=== GIVEN DATA ===

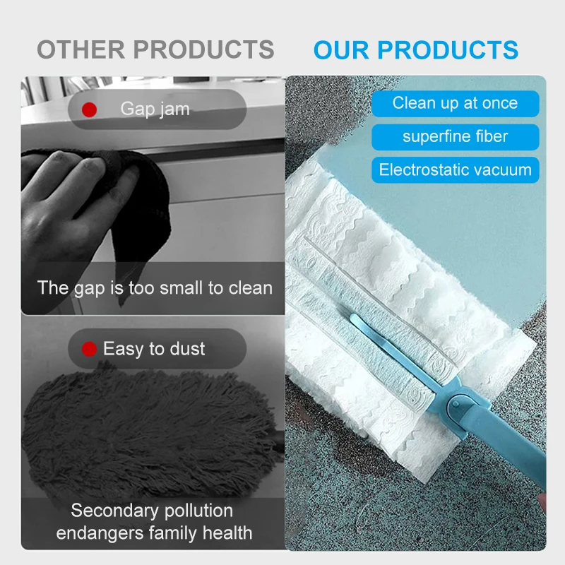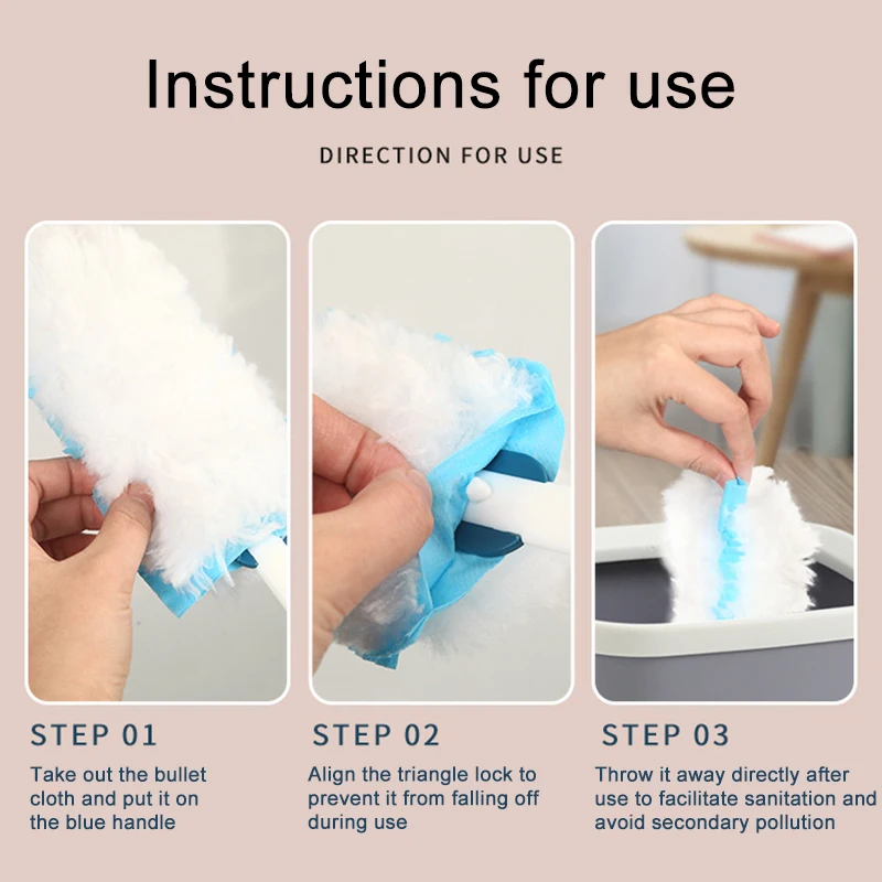 Utilisez un dépoussiéreur à adsorption électrostatique pour dire adieu à divers problèmes gênants! Le dépoussiérage électrostatique ne recueille pas la poussière. Jeter après utilisation, éviter la pollution secondaire, plus hygiénique.
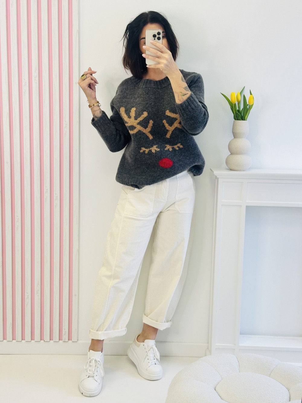 Sweter z długim rękawem i świąteczną aplikacją z przodu to idealny wybór na zimowe i świąteczne dni. Urocza dekoracja dodaje mu radosnego, przytulnego charakteru, wprowadzając świąteczną atmosferę do każdej stylizacji. Wykonany z miękkiego, przyjemnego w dotyku materiału, zapewnia ciepło i komfort noszenia, łącząc wygodę z wyjątkowym urokiem.
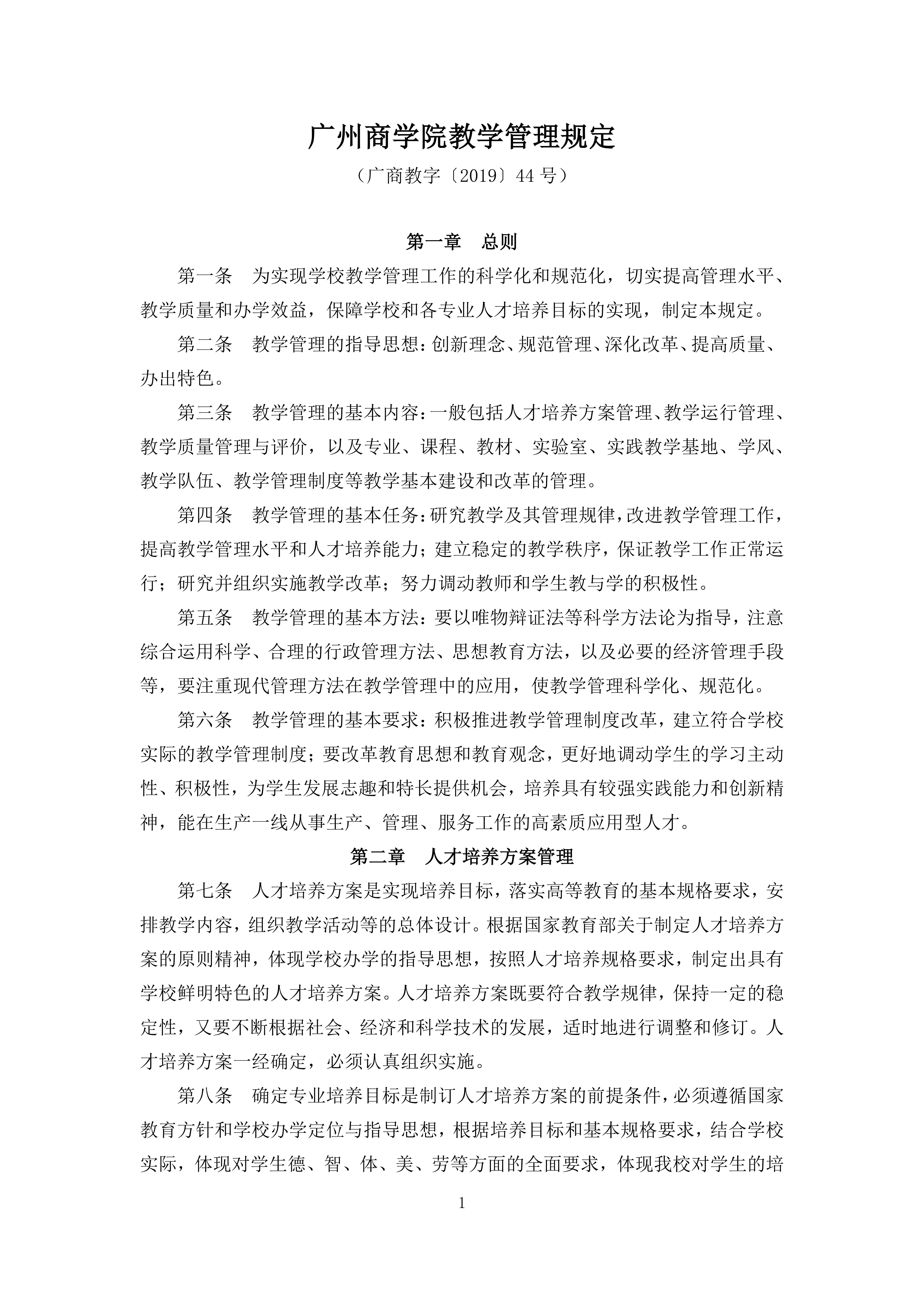 韦德官方网站教学管理规定(广商教字〔2019〕44号)

===

▸ EXERCISE AIM: Each line from the line containing "Sweter z długim" through the last line above must be written out exactly, and every picture must be omitted.

▸ THE ANSWER:
 Sweter z długim rękawem i świąteczną aplikacją z przodu to idealny wybór na zimowe i świąteczne dni. Urocza dekoracja dodaje mu radosnego, przytulnego charakteru, wprowadzając świąteczną atmosferę do każdej stylizacji. Wykonany z miękkiego, przyjemnego w dotyku materiału, zapewnia ciepło i komfort noszenia, łącząc wygodę z wyjątkowym urokiem.
 韦德官方网站教学管理规定(广商教字〔2019〕44号)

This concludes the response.